──────── Data for review

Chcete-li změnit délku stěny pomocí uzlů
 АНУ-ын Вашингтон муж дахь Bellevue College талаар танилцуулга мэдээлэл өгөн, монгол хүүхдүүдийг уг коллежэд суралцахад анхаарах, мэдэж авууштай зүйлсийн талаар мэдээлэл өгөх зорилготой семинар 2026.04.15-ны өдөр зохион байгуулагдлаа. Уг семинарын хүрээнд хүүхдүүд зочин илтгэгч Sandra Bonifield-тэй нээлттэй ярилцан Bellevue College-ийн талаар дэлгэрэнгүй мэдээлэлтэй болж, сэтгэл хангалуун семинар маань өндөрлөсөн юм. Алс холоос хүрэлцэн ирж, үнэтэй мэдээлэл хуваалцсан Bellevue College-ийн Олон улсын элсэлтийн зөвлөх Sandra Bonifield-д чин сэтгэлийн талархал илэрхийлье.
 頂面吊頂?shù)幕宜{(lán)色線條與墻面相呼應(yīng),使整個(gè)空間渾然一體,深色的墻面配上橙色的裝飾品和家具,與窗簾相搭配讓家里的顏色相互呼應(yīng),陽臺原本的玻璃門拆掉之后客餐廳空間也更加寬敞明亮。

────────────────
──────── Data for review

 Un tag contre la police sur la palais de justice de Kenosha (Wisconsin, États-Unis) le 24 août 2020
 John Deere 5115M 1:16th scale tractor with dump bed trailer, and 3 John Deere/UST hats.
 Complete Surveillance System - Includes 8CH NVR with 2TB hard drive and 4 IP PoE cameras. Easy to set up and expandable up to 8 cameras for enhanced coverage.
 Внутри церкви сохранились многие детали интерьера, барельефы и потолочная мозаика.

────────────────

◆ **Required action**: Whenever the word "with" shows up in a line of the entries above, copy that line.

◆ **Response to this exercise**:
 John Deere 5115M 1:16th scale tractor with dump bed trailer, and 3 John Deere/UST hats.
 Complete Surveillance System - Includes 8CH NVR with 2TB hard drive and 4 IP PoE cameras. Easy to set up and expandable up to 8 cameras for enhanced coverage.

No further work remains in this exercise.